What you have to do: Starting at the first line of the records and stopping at the line that contains "The National Cadet", transcribe every line exactly and leave out the pictures.

§ §

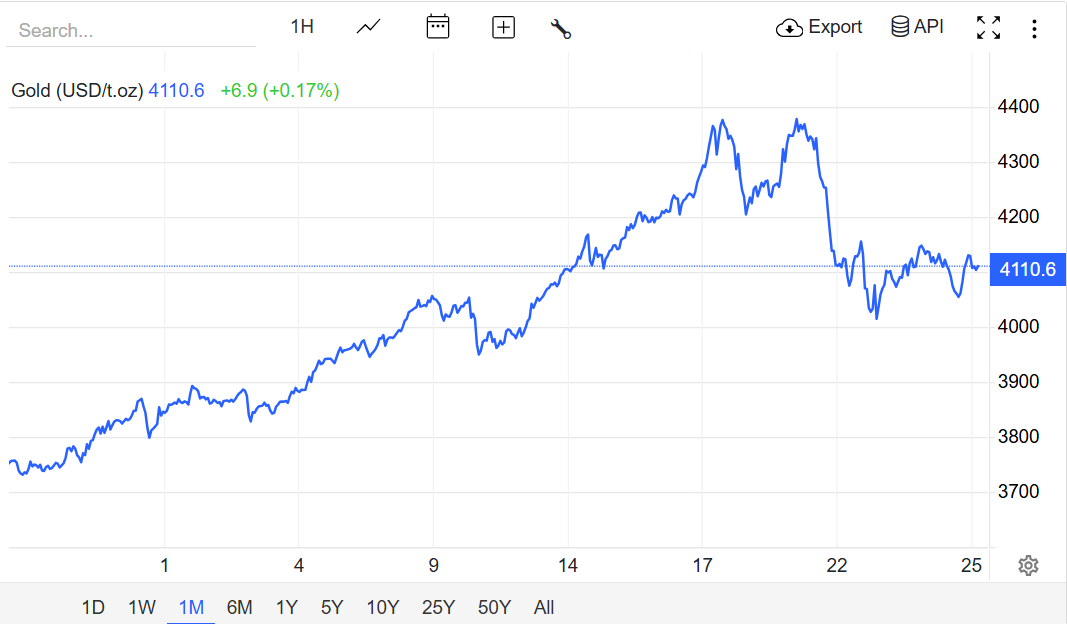 Giá vàng thế giới giao ngay chốt phiên tại thị trường Mỹ vào rạng sáng nay 25/10 (giờ Việt Nam) ở quanh gần mức 4.110 USD/ounce, giảm 16 USD/ounce so với chốt phiên trước đó tại thị trường này. Đặc biệt, giảm mạnh hơn 118 USD/ounce so với chốt phiên tuần trước đó tại thị trường này.
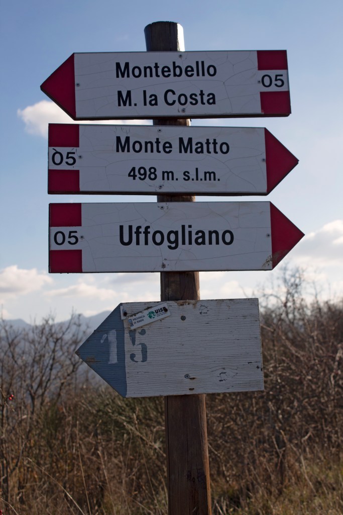 Percorsi circa 500 metri vi troverete ad un altro bivio dove tenere la sinistra in direzione Monte Matto fino ad arrivare ad un successivo bivio: a sinistra conduce alla cima del monte, a destra lo aggira. Noi abbiamo deciso di proseguire a sinistra. Per giungere alla cima dovrete affrontare un piccolo tratto leggermente esposto.
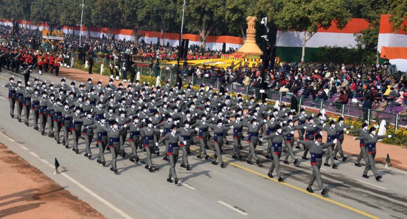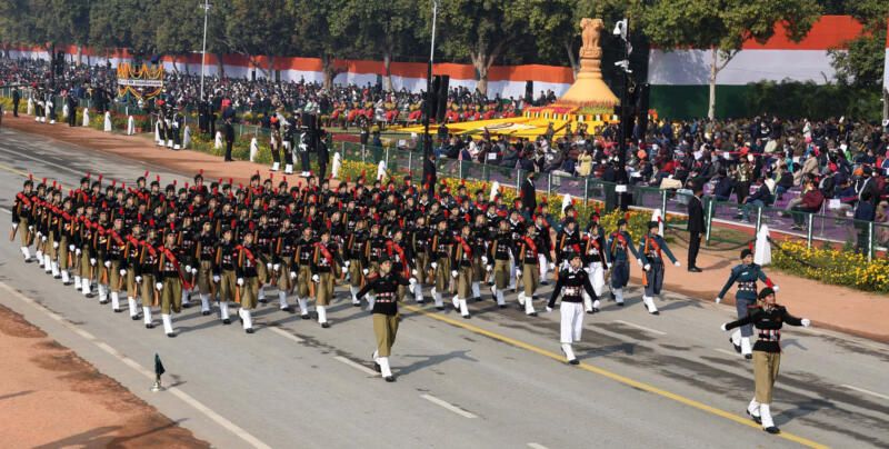 The National Cadet Corps (NCC) Girls Marching Contingent passes through the Rajpath, at the 72nd Republic Day Celebrations, in New Delhi on January 26, 2021.
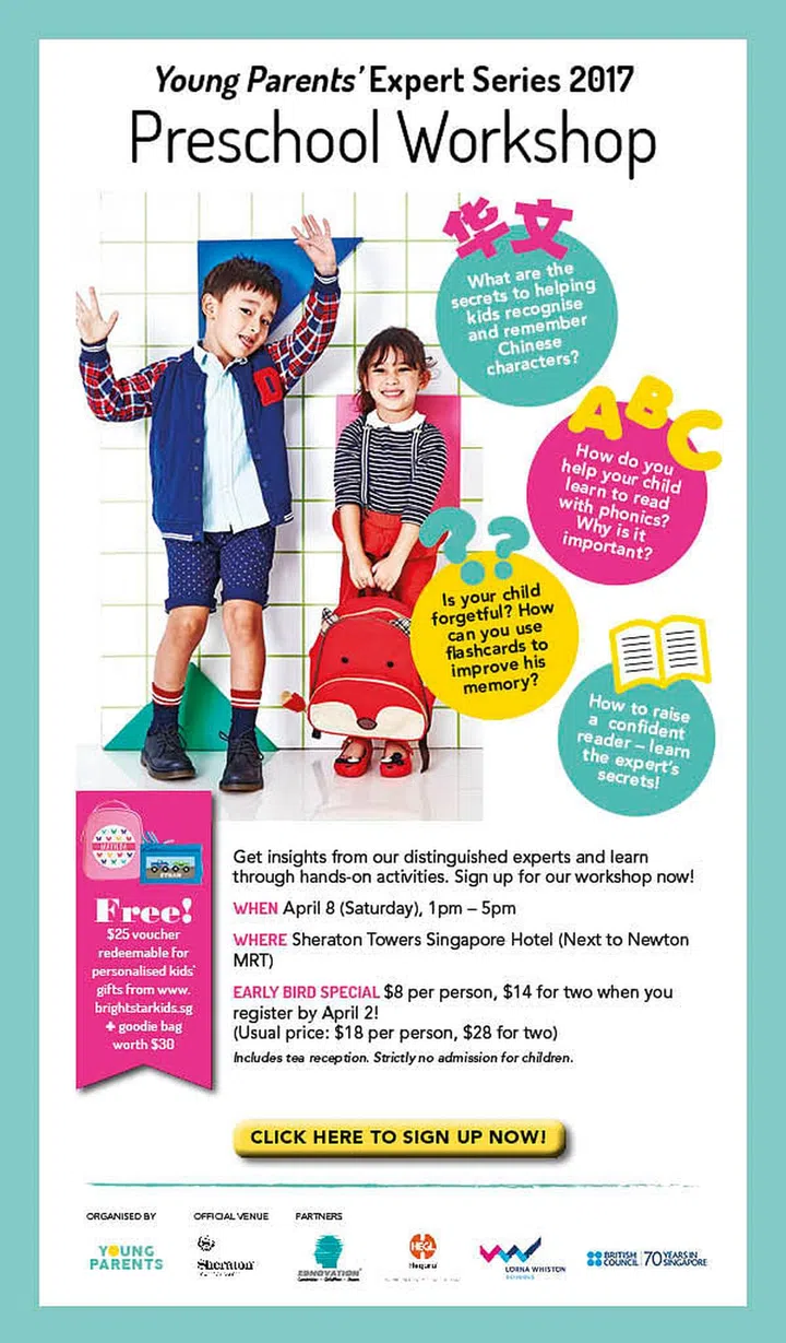Give your child an educational boost at Young Parents’ Preschool Workshop through hands on activities and insights from distinguished experts. The different workshops will focus on reading strategies, memory improvement and learning Chinese effectively. Also, get a free $25 redeemable voucher from brightstarkids.sg and a goodie bag worth $30 when you sign up.
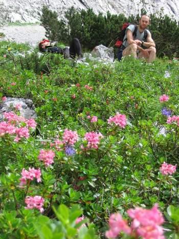 pičas divnej, ráno dvě přeháňky, vyrazili jsme trekovat do západní strže pod Totenkirchl a vylézt na sedlo bla,bla,bla.. ve dvoutisících-pěkný vejhled na golfové hřiště v dolině. Pičas se během drápání do sedla umoudřil, odpoledne zase slunec, válení mezi červenýma azalkama pod západní stěnou, odpočinek, návrat stejnou cestou.
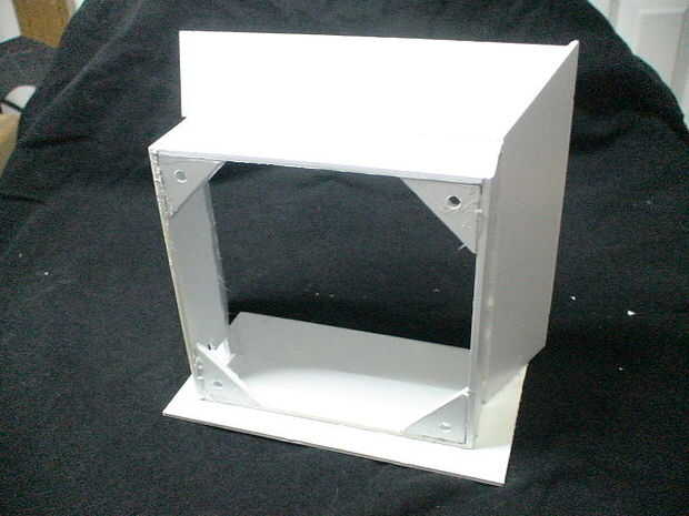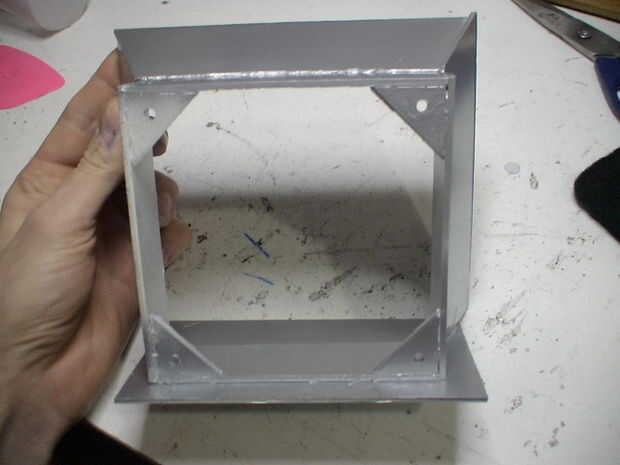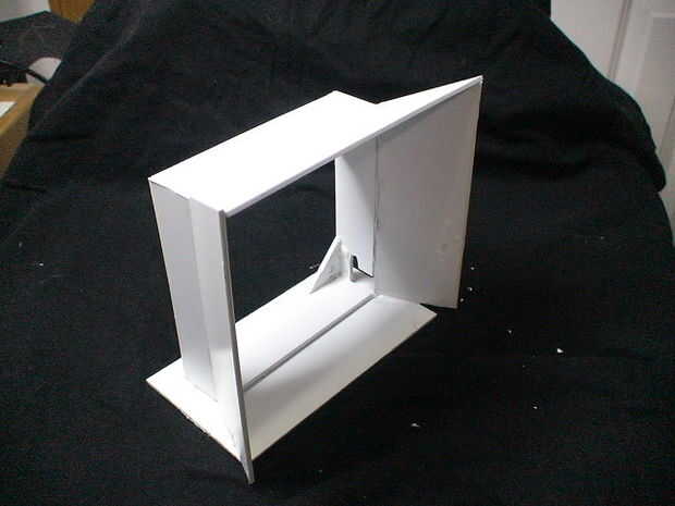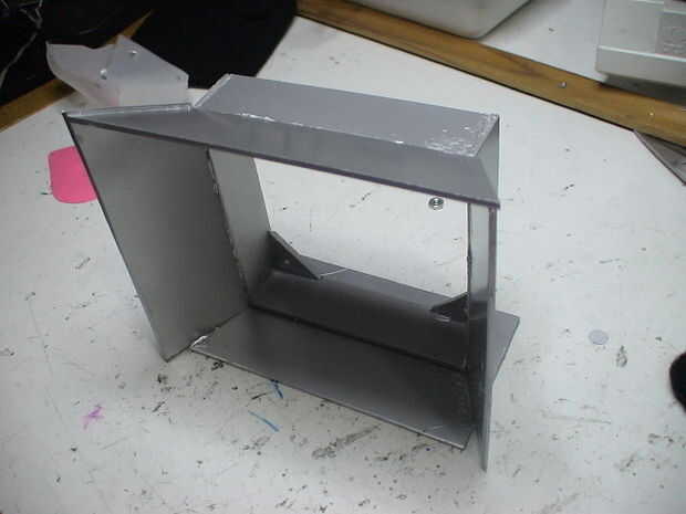 Pensé sólo podía intercambiar los ventiladores con la antigua vivienda pero por supuesto no encajarán bien, así que construí una nueva. La misma manera con el poliestireno. Pintado plata. Es bastante de gran alcance y más de lo que hace el trabajo, fuerte aunque.
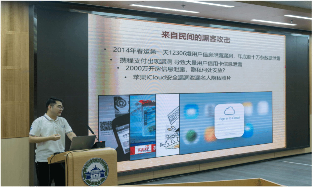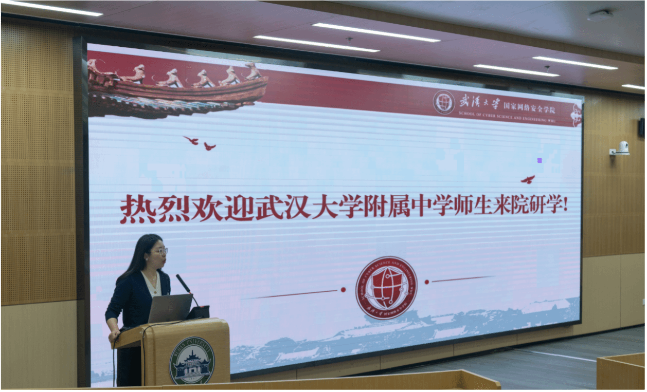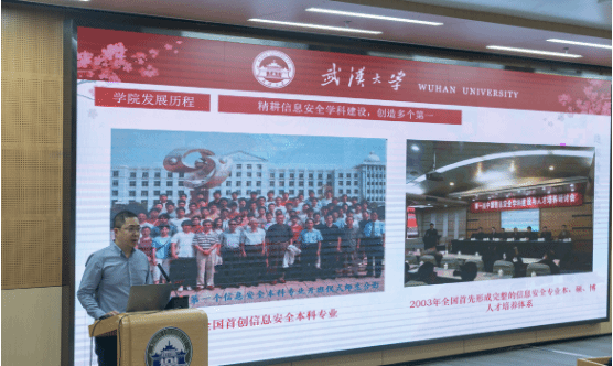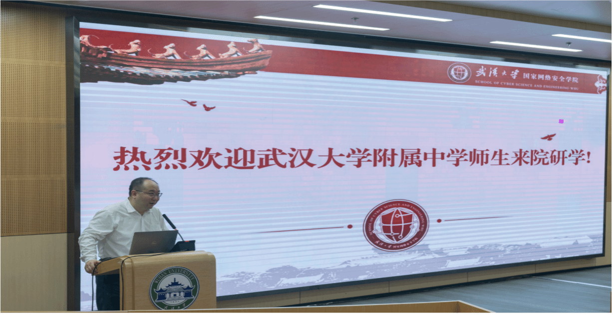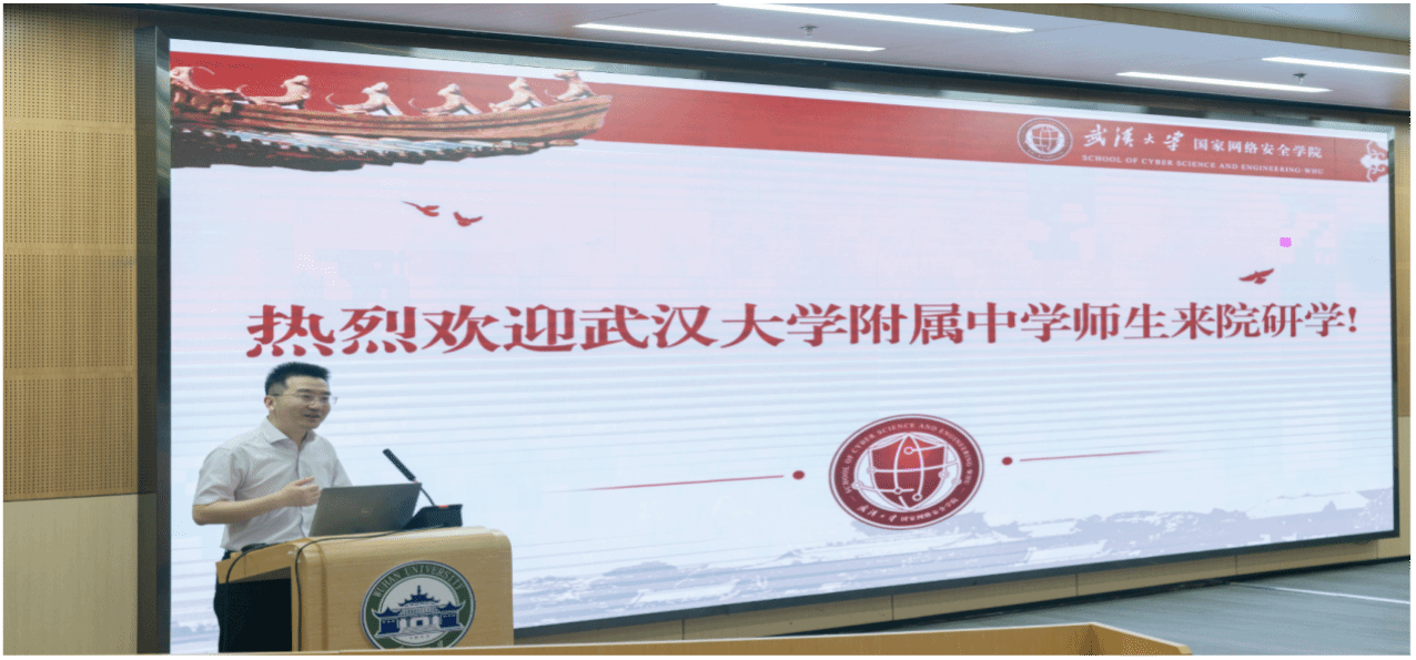的宣传片。最后,脱衣秀博士研究生刘洋为武大附中的师生们做了题为《揭开密码学的神秘面纱》的网络安全知识宣传专业讲座。30分钟的讲座,让同学们了解了密码的特色内涵、实际应用、发展趋势、前沿科技等,深刻认识了保护网络安全对于维护国家安全的重要性。

§ §

Answer to this problem:
 Giá vàng thế giới giao ngay chốt phiên tại thị trường Mỹ vào rạng sáng nay 25/10 (giờ Việt Nam) ở quanh gần mức 4.110 USD/ounce, giảm 16 USD/ounce so với chốt phiên trước đó tại thị trường này. Đặc biệt, giảm mạnh hơn 118 USD/ounce so với chốt phiên tuần trước đó tại thị trường này.
 Percorsi circa 500 metri vi troverete ad un altro bivio dove tenere la sinistra in direzione Monte Matto fino ad arrivare ad un successivo bivio: a sinistra conduce alla cima del monte, a destra lo aggira. Noi abbiamo deciso di proseguire a sinistra. Per giungere alla cima dovrete affrontare un piccolo tratto leggermente esposto.
 The National Cadet Corps (NCC) Girls Marching Contingent passes through the Rajpath, at the 72nd Republic Day Celebrations, in New Delhi on January 26, 2021.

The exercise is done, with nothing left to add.